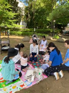 『つんく つんく』『よっこよっこよこのびのびのび』など足を使うふれあい遊び。オーガンジーを使った『じーじーばあ』のわらべうたなどをしました。お母さんとの触れ合いの中で笑顔が見えるお子様たちに癒されながらのんびりとした雰囲気の中、遊ぶことができました。わらべうたをしているとナーサリーの子どもたちが興味をもって様子を見にきます。一緒にわらべうたをやろうとしてくれたり、「かわいいね」と赤ちゃんを見て笑っていました。
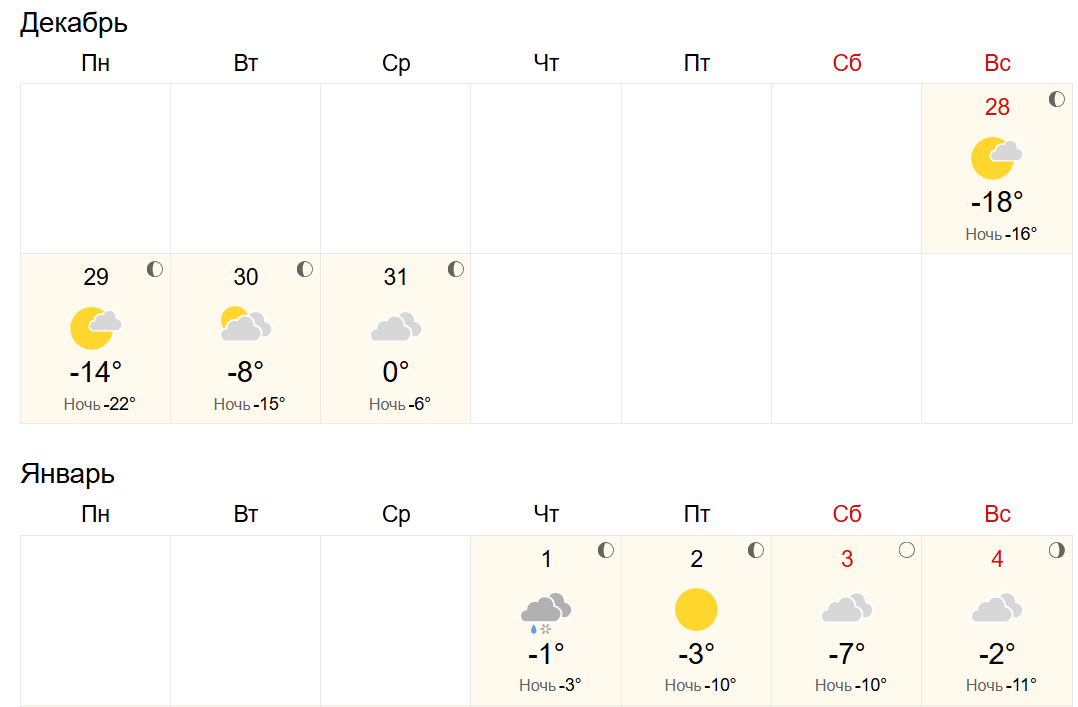 World Weather прогнозирует ночные температуры от -22 до -3 градусов. Наибольшее потепление, до 0 градусов, ожидается 31 декабря. Самым холодным днем недели станет 29 декабря с дневной температурой около -14 градусов.
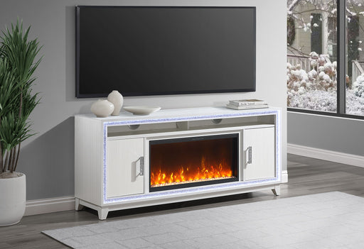 Aveena - 76" Entertainment Unit With TV, LED, Speakers, Crystal Inserts And Pop Up Center Doors - White
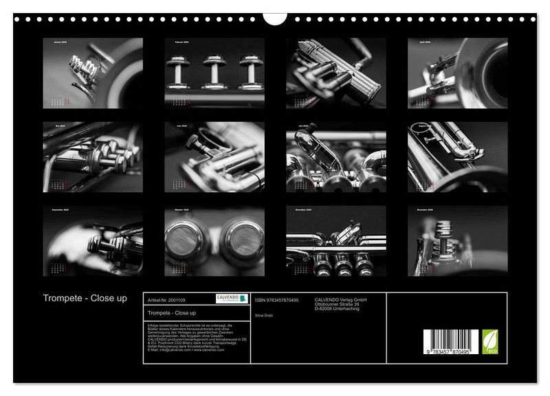 QUALITÄT - Hochwertiger Fotokalender mit 12 wunderschönen Motiven auf lichtbeständigem Bilderdruckpapier, robuste Spiralbindung mit Aufhängebügel.NACHHALTIG - deutliche Abfallreduzierung durch bedarfsgerechte Einzelstückfertigung,umweltfreundliches FSC-zertifiziertes Papier, Produktion in Deutschland, klimabewusste Logistik.PERFEKTES GESCHENK - Kalender für Freunde und Familie, für Kinder und Erwachsene, jung und alt, zu Weihnachten, Geburtstag oder zwischendurch.VIELFALT - Bildkalender in verschiedenen Formaten, z.B. DIN A5, DIN A4, DIN A3 sowie DIN A2. Ob Naturmotiv, Gemälde oder Fotos, ideal für ein persönliches Wohlfühlambiente.Detailaufnahmen einer Trompete von Autor(in): Silvia Drafz
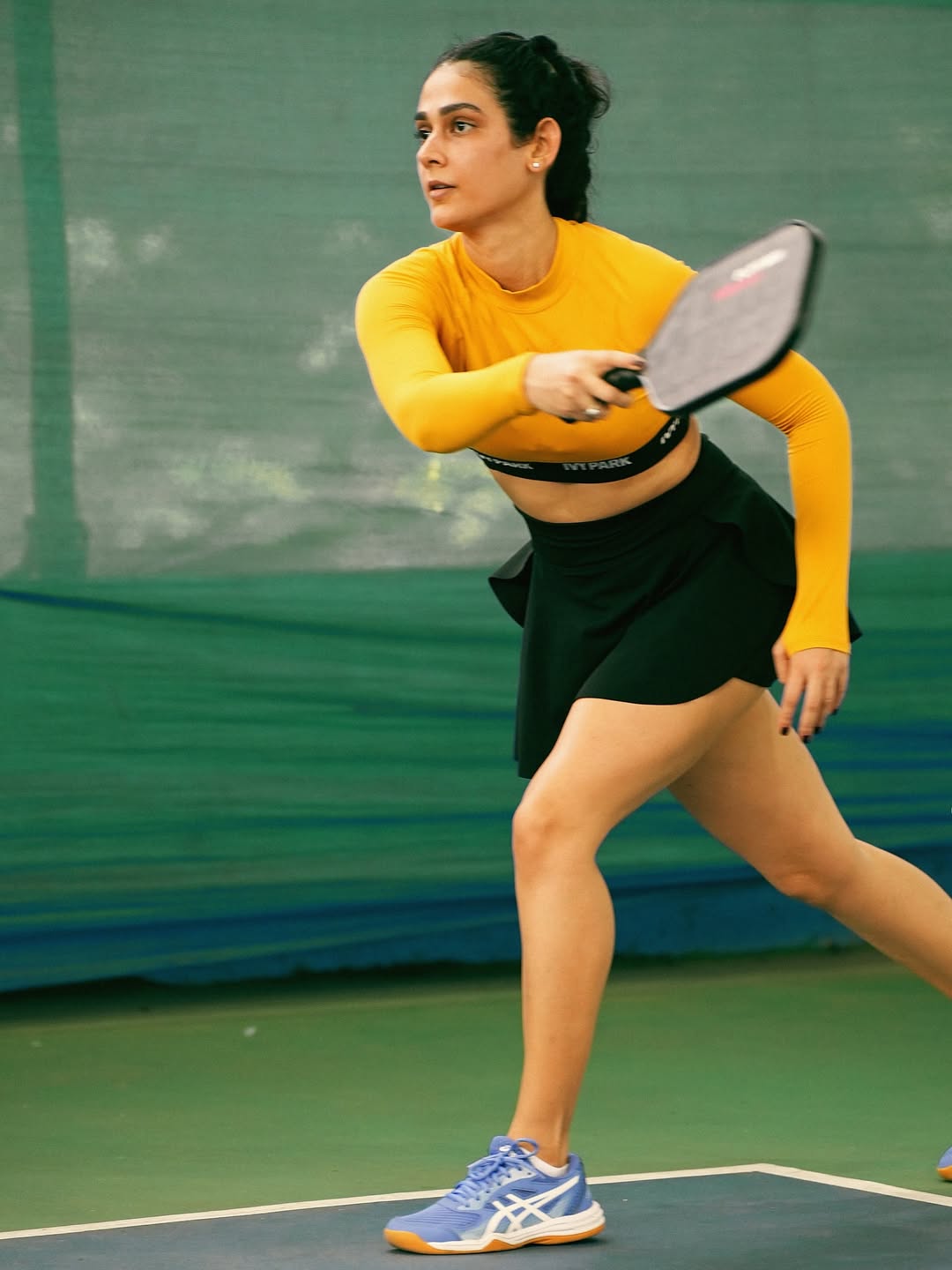 Aakanksha Singh shared a new post on Instagram that showed her energy and focus on the court. She is dressed in a sporty look with a bright yellow top, black skirt, and blue sneakers. She is seen holding a pickleball paddle as she prepares for a strong shot. Her expression shows determination and passion for the game.
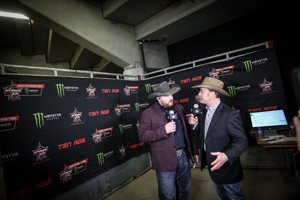 Let’s talk about the PBR Canada Monster Energy Tour in particular. I have to say one of the really nice things from an announcing standpoint is that on tour we see a lot of the same competitors at each event, both bulls and riders. So, from a “homework” standpoint there is probably only a few hours that will go into every performance because a lot of the major statistics won’t change. So, the majority of that time is spent updating current standings, getting bull stats and making sure we know what has happened most recently. As a team we are always trying to dig for those cool little stories that the audience may connect with. But what time the tour allows us in consideration of homework, it takes up in production.
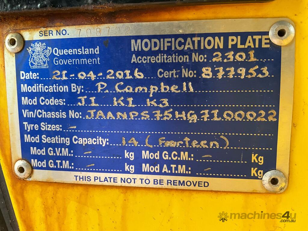 CP: 02/2016,Isuzu,NPS 75-155,Bus,Manual,Leaf Springs ,4 Cyl,Diesel,111162 (Kms. Showing on Odometer),Hourmeter not visible,Colour: White,Rego. No: 829065 NT,VIN: JAANPS75HG7100022,Length: 7.6 m,GVM: 7500,GCM: 11000,Sold with No Plates,WOVR Status: WOVR N/A,Incident Type: Not Applicable
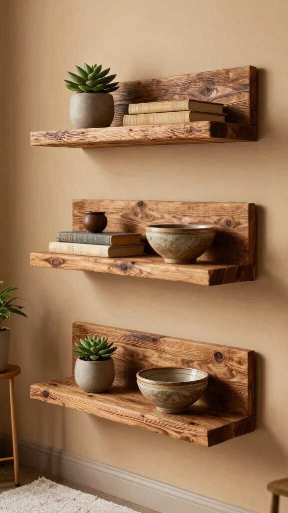 Opt for reclaimed wood shelves to add rustic charm while promoting sustainability in your decor.

- _What needs to be done_
Repeat the data above exactly, images excluded.

- _Written reply_
 『つんく つんく』『よっこよっこよこのびのびのび』など足を使うふれあい遊び。オーガンジーを使った『じーじーばあ』のわらべうたなどをしました。お母さんとの触れ合いの中で笑顔が見えるお子様たちに癒されながらのんびりとした雰囲気の中、遊ぶことができました。わらべうたをしているとナーサリーの子どもたちが興味をもって様子を見にきます。一緒にわらべうたをやろうとしてくれたり、「かわいいね」と赤ちゃんを見て笑っていました。
 World Weather прогнозирует ночные температуры от -22 до -3 градусов. Наибольшее потепление, до 0 градусов, ожидается 31 декабря. Самым холодным днем недели станет 29 декабря с дневной температурой около -14 градусов.
 Aveena - 76" Entertainment Unit With TV, LED, Speakers, Crystal Inserts And Pop Up Center Doors - White
 QUALITÄT - Hochwertiger Fotokalender mit 12 wunderschönen Motiven auf lichtbeständigem Bilderdruckpapier, robuste Spiralbindung mit Aufhängebügel.NACHHALTIG - deutliche Abfallreduzierung durch bedarfsgerechte Einzelstückfertigung,umweltfreundliches FSC-zertifiziertes Papier, Produktion in Deutschland, klimabewusste Logistik.PERFEKTES GESCHENK - Kalender für Freunde und Familie, für Kinder und Erwachsene, jung und alt, zu Weihnachten, Geburtstag oder zwischendurch.VIELFALT - Bildkalender in verschiedenen Formaten, z.B. DIN A5, DIN A4, DIN A3 sowie DIN A2. Ob Naturmotiv, Gemälde oder Fotos, ideal für ein persönliches Wohlfühlambiente.Detailaufnahmen einer Trompete von Autor(in): Silvia Drafz
 Aakanksha Singh shared a new post on Instagram that showed her energy and focus on the court. She is dressed in a sporty look with a bright yellow top, black skirt, and blue sneakers. She is seen holding a pickleball paddle as she prepares for a strong shot. Her expression shows determination and passion for the game.
 Let’s talk about the PBR Canada Monster Energy Tour in particular. I have to say one of the really nice things from an announcing standpoint is that on tour we see a lot of the same competitors at each event, both bulls and riders. So, from a “homework” standpoint there is probably only a few hours that will go into every performance because a lot of the major statistics won’t change. So, the majority of that time is spent updating current standings, getting bull stats and making sure we know what has happened most recently. As a team we are always trying to dig for those cool little stories that the audience may connect with. But what time the tour allows us in consideration of homework, it takes up in production.
 CP: 02/2016,Isuzu,NPS 75-155,Bus,Manual,Leaf Springs ,4 Cyl,Diesel,111162 (Kms. Showing on Odometer),Hourmeter not visible,Colour: White,Rego. No: 829065 NT,VIN: JAANPS75HG7100022,Length: 7.6 m,GVM: 7500,GCM: 11000,Sold with No Plates,WOVR Status: WOVR N/A,Incident Type: Not Applicable
 Opt for reclaimed wood shelves to add rustic charm while promoting sustainability in your decor.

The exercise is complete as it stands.